— Assignment —
Please set down exactly the lines of the listing below from the line containing "Lampadario in acciaio" through the line containing "Využijte všechno nářadí", both lines included, leaving out all other lines.

— Study material —
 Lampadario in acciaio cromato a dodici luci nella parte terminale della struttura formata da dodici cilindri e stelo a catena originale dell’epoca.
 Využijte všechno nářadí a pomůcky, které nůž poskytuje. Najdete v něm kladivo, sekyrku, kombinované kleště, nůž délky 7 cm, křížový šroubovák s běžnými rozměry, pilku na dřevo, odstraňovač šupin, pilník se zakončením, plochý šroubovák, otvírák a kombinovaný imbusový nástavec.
==
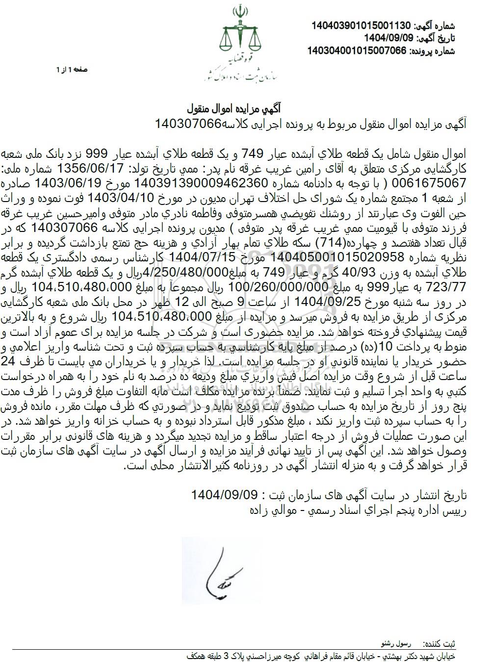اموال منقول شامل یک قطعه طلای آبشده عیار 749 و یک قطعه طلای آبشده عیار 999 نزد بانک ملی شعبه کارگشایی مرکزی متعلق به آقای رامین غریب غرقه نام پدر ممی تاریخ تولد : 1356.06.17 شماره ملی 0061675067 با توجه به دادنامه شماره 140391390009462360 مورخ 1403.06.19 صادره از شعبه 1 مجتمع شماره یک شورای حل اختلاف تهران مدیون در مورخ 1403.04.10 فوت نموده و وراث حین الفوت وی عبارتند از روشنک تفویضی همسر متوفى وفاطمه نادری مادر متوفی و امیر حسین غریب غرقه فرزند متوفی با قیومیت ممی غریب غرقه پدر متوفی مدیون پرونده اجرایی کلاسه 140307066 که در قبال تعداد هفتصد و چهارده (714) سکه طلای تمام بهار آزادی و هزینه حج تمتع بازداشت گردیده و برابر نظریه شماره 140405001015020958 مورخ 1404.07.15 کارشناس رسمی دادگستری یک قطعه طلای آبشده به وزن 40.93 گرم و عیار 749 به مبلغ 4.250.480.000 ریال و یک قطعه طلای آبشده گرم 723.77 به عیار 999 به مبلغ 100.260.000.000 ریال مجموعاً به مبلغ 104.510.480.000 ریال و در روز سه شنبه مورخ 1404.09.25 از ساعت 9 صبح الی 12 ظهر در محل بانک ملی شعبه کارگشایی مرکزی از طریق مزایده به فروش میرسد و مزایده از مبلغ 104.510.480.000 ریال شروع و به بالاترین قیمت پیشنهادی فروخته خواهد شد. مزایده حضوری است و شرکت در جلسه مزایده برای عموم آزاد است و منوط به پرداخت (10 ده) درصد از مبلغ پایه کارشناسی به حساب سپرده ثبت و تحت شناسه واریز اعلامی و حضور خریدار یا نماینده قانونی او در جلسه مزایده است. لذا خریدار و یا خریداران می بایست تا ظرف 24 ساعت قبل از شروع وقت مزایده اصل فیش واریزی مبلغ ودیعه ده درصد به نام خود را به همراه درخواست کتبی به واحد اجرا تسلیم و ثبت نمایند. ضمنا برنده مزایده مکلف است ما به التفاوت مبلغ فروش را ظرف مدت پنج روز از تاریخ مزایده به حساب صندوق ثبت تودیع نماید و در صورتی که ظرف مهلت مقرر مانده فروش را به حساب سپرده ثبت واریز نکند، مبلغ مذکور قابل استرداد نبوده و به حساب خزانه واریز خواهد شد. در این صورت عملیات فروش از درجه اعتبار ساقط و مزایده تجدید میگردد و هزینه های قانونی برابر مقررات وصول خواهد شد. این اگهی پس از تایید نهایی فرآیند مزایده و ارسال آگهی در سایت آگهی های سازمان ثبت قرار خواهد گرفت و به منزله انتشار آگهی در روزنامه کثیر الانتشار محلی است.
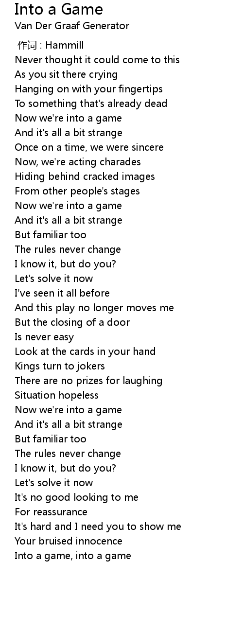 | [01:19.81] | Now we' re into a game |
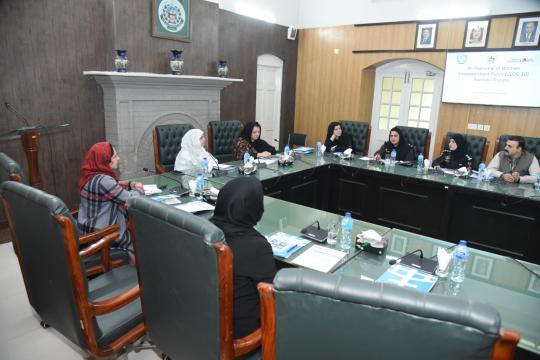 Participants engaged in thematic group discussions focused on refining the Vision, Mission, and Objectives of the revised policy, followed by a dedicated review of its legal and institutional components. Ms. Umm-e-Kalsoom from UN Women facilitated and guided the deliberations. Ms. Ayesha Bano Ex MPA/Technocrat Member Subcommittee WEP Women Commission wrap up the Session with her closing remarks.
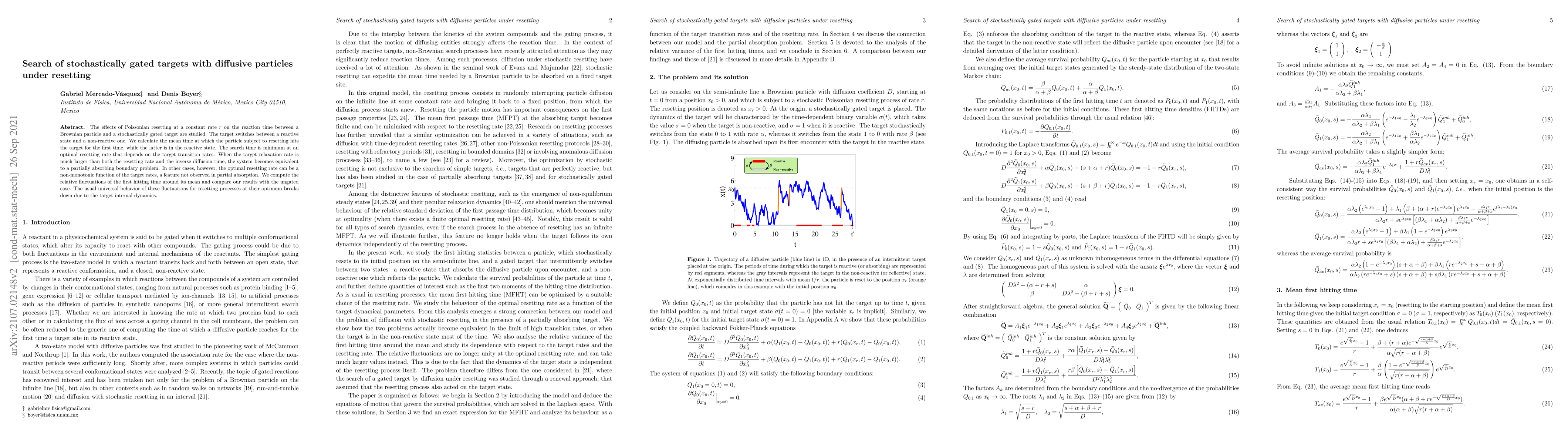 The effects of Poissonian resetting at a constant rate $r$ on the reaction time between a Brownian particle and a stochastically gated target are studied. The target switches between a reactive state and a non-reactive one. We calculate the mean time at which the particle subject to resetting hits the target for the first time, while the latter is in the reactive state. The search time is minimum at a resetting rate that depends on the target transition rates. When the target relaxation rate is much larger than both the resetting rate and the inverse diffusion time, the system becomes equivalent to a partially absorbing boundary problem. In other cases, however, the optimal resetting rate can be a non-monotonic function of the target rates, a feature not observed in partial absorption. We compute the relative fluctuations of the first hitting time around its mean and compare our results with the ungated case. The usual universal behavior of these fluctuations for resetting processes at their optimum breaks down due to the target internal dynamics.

— Result of this exercise —
 Lampadario in acciaio cromato a dodici luci nella parte terminale della struttura formata da dodici cilindri e stelo a catena originale dell’epoca.
 Využijte všechno nářadí a pomůcky, které nůž poskytuje. Najdete v něm kladivo, sekyrku, kombinované kleště, nůž délky 7 cm, křížový šroubovák s běžnými rozměry, pilku na dřevo, odstraňovač šupin, pilník se zakončením, plochý šroubovák, otvírák a kombinovaný imbusový nástavec.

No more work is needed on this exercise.